福建の短勁を中心にした鶴拳類と、私たちの広東南拳系は明らかに違います。
北派と比べると震脚などはしないのでそこは共通しているのですが、福建系は浮沈(プーチン)と言って体幹での沈身動作があります。
我々は基本それも使いません。
なので私はどうも浮沈を伴う短勁が理解できていません。
広東系で行う長勁は、またの名を暗勁とも呼ばれていて、外形には発勁動作がありません。

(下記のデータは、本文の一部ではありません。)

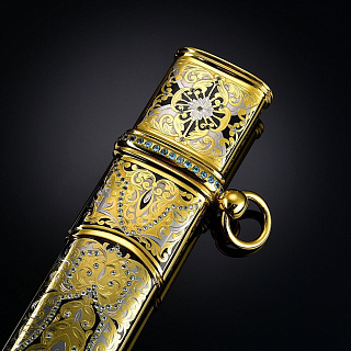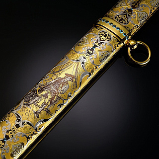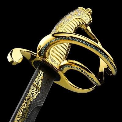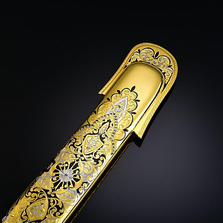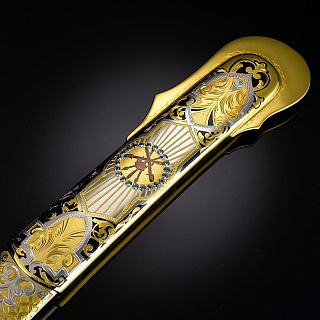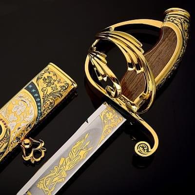 Сабля, как вид холодного оружия, появилась в конце VII века в Азии и на Ближнем Востоке. Впервые ими стали пользоваться кочевые народы, так называемые воины - сарацины, которым требовалось очень легкое оружие, способное поразить врага на скаку. Изготовить первые сабли златоуст, достаточно легкие, чтобы не стеснять движений, и достаточно прочные, чтобы нанести удар, позволило использование специальной стали. В дальнейшем именно этот вид стали получит название дамасская сталь. Данный вид оружия испокон веков активно использовались в качестве элемента вооружения во многих странах. Учитывая обширную географию распространения, сабли различных войск приобрели свои определенные особенности и отличия, как по размеру, так и по кривизне и клинку. В нашей стране особое распространение получили сабли златоуст. Именно сабля использовалась воинами, проживающими на территории современной России. Это оружие на Руси преимущественно использовалось кавалерией, что объясняет изогнутое лезвие и одностороннюю заточку, что позволяло им с максимальной эффективностью наносить рубящие удары, сидя верхом на лошади. Конечно, в наши дни данное оружие используются лишь в качестве принадлежности парадной формы. Мы представляем Вам полную коллекцию эксклюзивного оружия Златоуст: ножи, кинжалы, булавы, мечи, кортики, даги и «набор топор и нож». Наш магазин дает Вам гарантию качества на каждое изделие, все в наличии, срочная доставка по Москве.
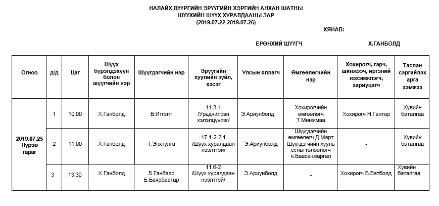 НАЛАЙХ - АНХАН ШАТНЫ ШҮҮХ ХУРАЛДААНААР ХЭЛЭЛЦҮҮЛЭХ ЭРҮҮГИЙН ХЭРГҮҮД (2019.07.22-07.26)

なので南派は発勁がなくただ殴ってるなどと言う誤解を招いたのでしょう。
日本では南派と言えば短勁か殴るかという誤解がどうもやたらに広がっています。
しかし、比較的メジャーな我々のタイプ、うまく表す言葉が見つかりません。
上に書いたように広東南拳と書いたり、平馬南拳と書いたりしますが、これもわかりにくいような。
広東以外にも広まっているし、平馬以外も使うし。
平たく言うなら洪拳系……。
我々の蔡李佛もルーツの一つは洪拳ですから、これは間違いではない。
潭家三展拳や周家拳など、このタイプは広く普及しています。
このあいだ、たまたまYOUTUBEで台湾の大学で行われている南派武術の動画を目にしました。こちらです。
https://www.youtube.com/watch?v=bsn2QxdMkPc
これ、まったくうちの系統です。上に書いてきた系統の典型です。
私たちもいつもこういう練習をしています。
震脚しなくても浮沈しなくてもきれいに飛んできます。
この系統を、ここでは南派五禽と呼んでいるようですね。
なるほど。確かにこの系統には五種類の獣の要素があります。
うちではそれを五獣と呼んでいましたが、確かに五禽と呼んでも同じことでしょう。
いつも書いている、気功によって人間の中の動物の時代の力を引き出して活用するというコンセプトからも、この考え方に着目した呼称はわかりやすいものかもしれません。